China to continue rare earth protection policies

China will continue to protect its rare earth resources while working to solve disputes with other countries on its rare earth policies within the World Trade Organization (WTO) framework, an official with China’s industry watchdog said Wednesday.

“In any case, the Chinese government will surely provide reasonable protection for rare earth resources and ensure environmental protection and sustainable development while making use of the resources,” Zhu Hongren, chief engineer of the Ministry of Industry and Information Technology, told a press conference Wednesday in Beijing.

The remarks came after the WTO on Monday established a panel to consider China’s exports of rare earths, tungsten and molybdenum following complaints brought by the United States, the European Union (EU) and Japan over China’s export restrictions of those materials.

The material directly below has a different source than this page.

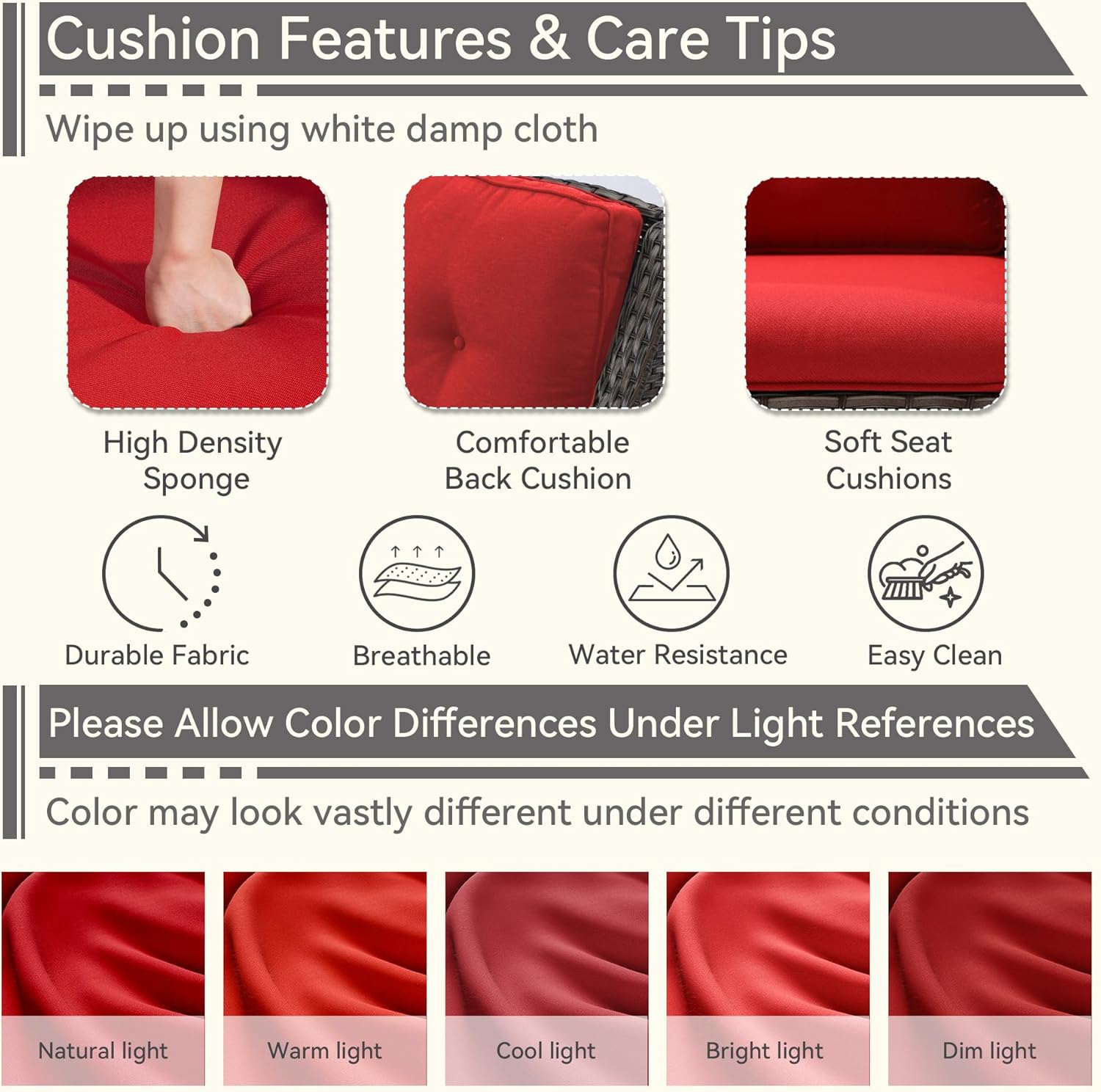 2 Pieces Outdoor Swivel Rocker Patio Chairs Set - Outdoor Wicker Patio Conversation Sets with 1 Side Table, Olefin Fabric Cushions Suitable for Backyard Deck and Porch,Red

Zhu said China is willing to hold discussions and carry out full consultations within the WTO framework to solve the disputes.

He reiterated that the country’s stepped up regulation on rare earth production and exports were aimed at protecting the environment from being damaged by reckless exploitation, not monopolizing the market.

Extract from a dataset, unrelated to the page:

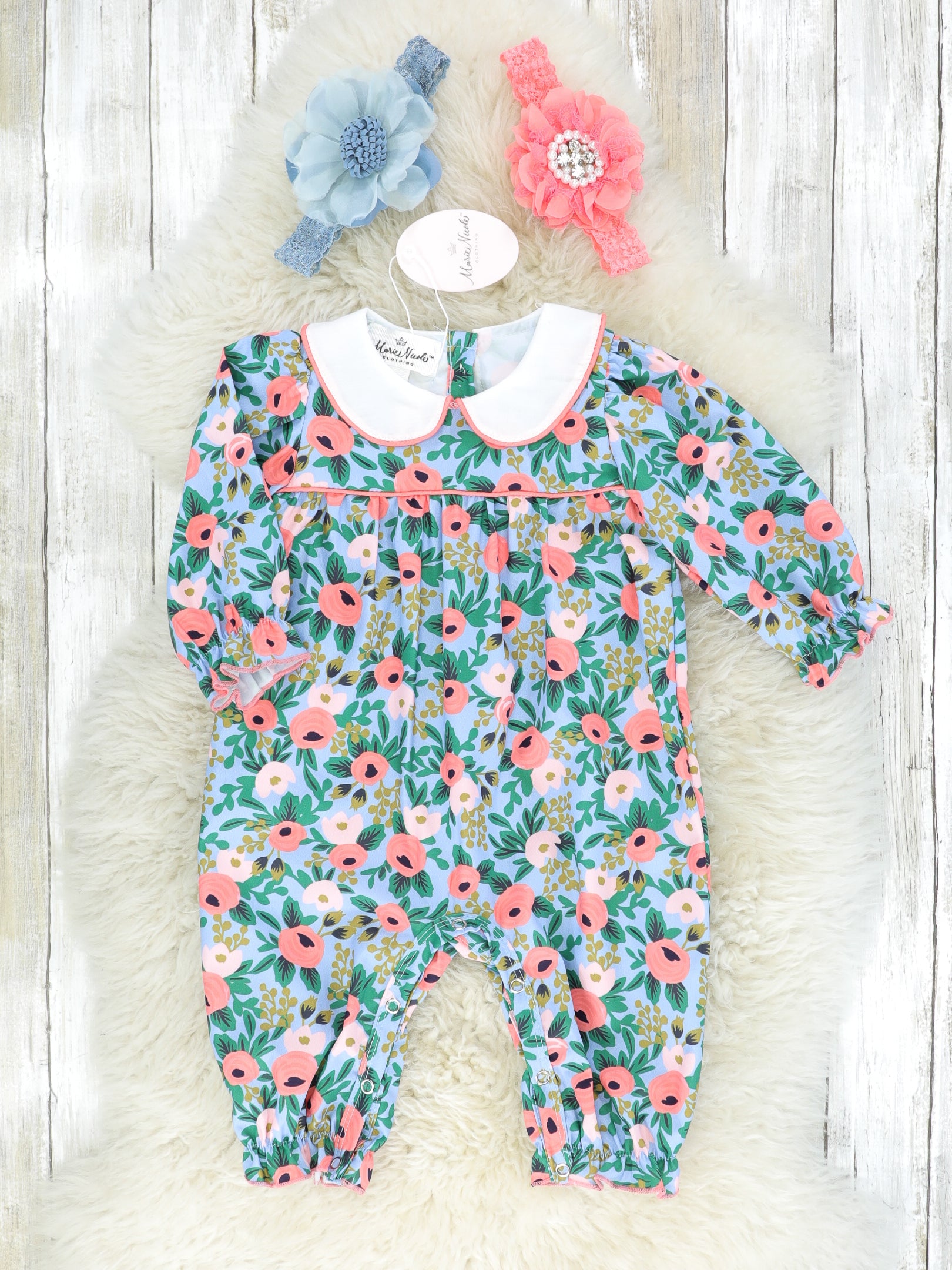 Blue & Pink Vintage Floral Romper

“Some countries with rich rare earth resources have not mined their own land for environment protection or other reasons, but made groundless accusations against China and repeatedly ignored the widely-known pollution caused by rare earth exploitation in the country,” Zhu claimed.

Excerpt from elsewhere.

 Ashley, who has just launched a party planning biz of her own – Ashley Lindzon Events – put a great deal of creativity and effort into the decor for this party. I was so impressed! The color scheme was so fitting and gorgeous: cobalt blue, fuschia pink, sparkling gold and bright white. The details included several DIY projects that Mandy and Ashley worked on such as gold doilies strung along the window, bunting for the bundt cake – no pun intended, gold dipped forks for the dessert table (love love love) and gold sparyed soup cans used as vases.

Rare earth metals are vital for manufacturing an array of high-tech products, including cell phones, wind turbines, electric car batteries and missiles.

China supplies more than 90 percent of the world’s demand for rare earth metals, although its reserves account for just 23 percent of the world’s total. The mining of rare earth metals has been blamed for environmental damage in some parts of China.

China has suspended the issuance of new licenses for rare earth prospecting and mining, imposed production caps and export quotas, and announced tougher environmental standards in order to reduce the environmental damage caused by rare earth exploitation.